> Required action:
Exercise in exact copying: restate word for word only the lines below from the one containing "Pintura acuarela de" through the one containing "Devin Booker also", omitting any pictures.

§ §

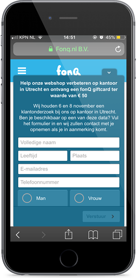 Een makkelijke manier om respondenten te werven is via een formulier in de webshop. In afbeelding 3 zie je een formulier die een klant ziet na een aankoop in de webshop van Fonq.nl.
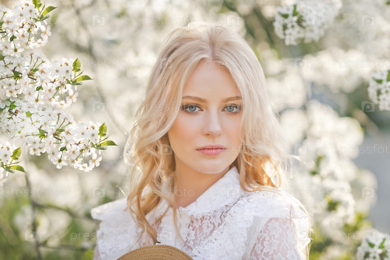 Блондинка среди цветущих деревьев на солнце
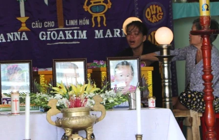 Ba cháu bé đang được để ở nhà bà nội chuẩn bị đưa đi mai táng.
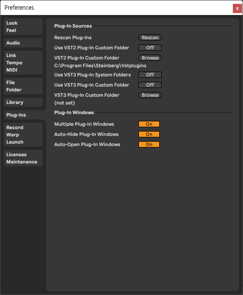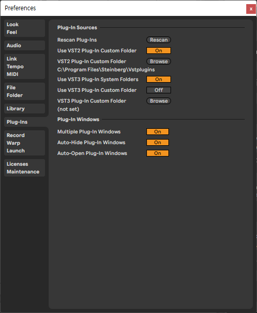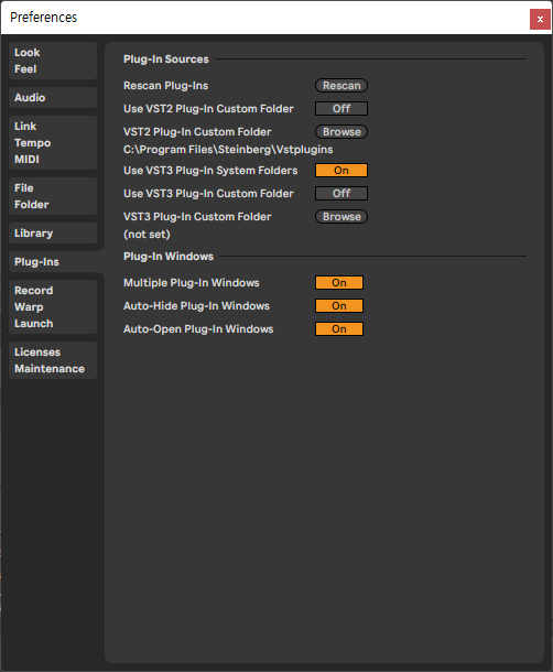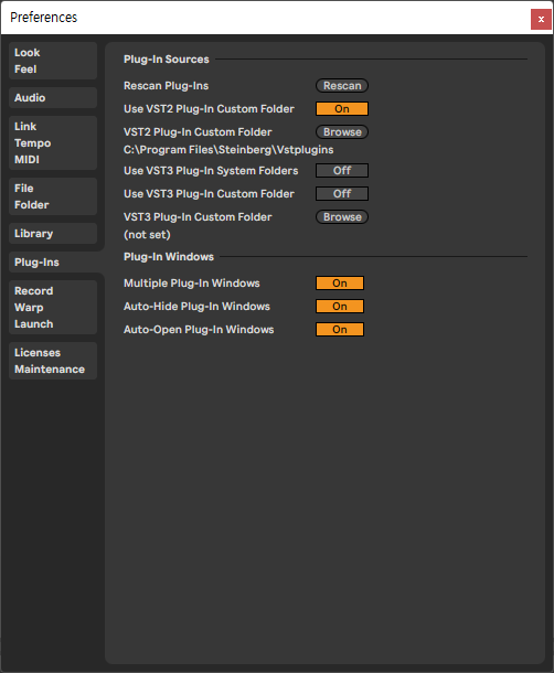 아래 화면에서 Use VST2 Plug-in Custom Folder를 체크하면 On으로 바뀌고 아래의 메뉴에서 커스텀 폴더를 지정해 주면 플러그인이 표시되며 사용할 수 있게 됩니다.
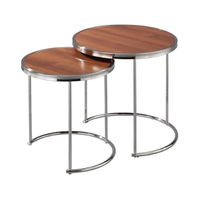 Visio Set of 2 Round Nesting Table-Wooden tops in walnut colour finish,steel base in chrome coating Dimensions: L :50 Dia x 50(H)cm /S :42 Dia x 45(H)cm. Unique design for functionality and style. It includes two nesting tables that work well together or apart. Contemporary Design,Stylish solution to your home requirements. Assembly: Self assembly required. The colour may be slightly different from the picture due to photography light condition.
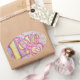 Pintura acuarela de la palabra amarilla dorada "Amor" con doble corazón. El rosa y el morado resaltan las letras y el corazón. Una ligera salpicadura de purpurina en la parte superior del cuadro le da un resplandor brillante. Personaliza este pegatina de arte de palabras de amor con tu propio texto e imágenes usando el botón "Personalizar".
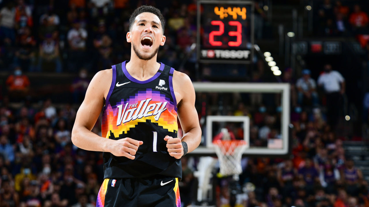Devin Booker also had his first taste of the playoffs, and though Chris Paul's lingering shoulder injury and a lack of historical precedence stood against him, the Phoenix Suns handed LeBron James the only first-round exit of his career to date. Playing nearly 41 minutes per game, Booker averaged 29.7 points, 6.2 rebounds, and five dimes while shooting about 43% on threes.
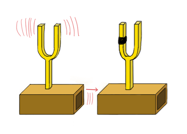 Jetzt setzen wir die Klammer an die 2. Stimmgabel und überprüfen, ob sich die Töne der Stimmgabeln unterscheiden. Dann wiederholen wir den Versuch. Nun schwingt die 2. Stimmgabel nicht mehr mit.

§ §

> Solution for this problem:
 Pintura acuarela de la palabra amarilla dorada "Amor" con doble corazón. El rosa y el morado resaltan las letras y el corazón. Una ligera salpicadura de purpurina en la parte superior del cuadro le da un resplandor brillante. Personaliza este pegatina de arte de palabras de amor con tu propio texto e imágenes usando el botón "Personalizar".
Devin Booker also had his first taste of the playoffs, and though Chris Paul's lingering shoulder injury and a lack of historical precedence stood against him, the Phoenix Suns handed LeBron James the only first-round exit of his career to date. Playing nearly 41 minutes per game, Booker averaged 29.7 points, 6.2 rebounds, and five dimes while shooting about 43% on threes.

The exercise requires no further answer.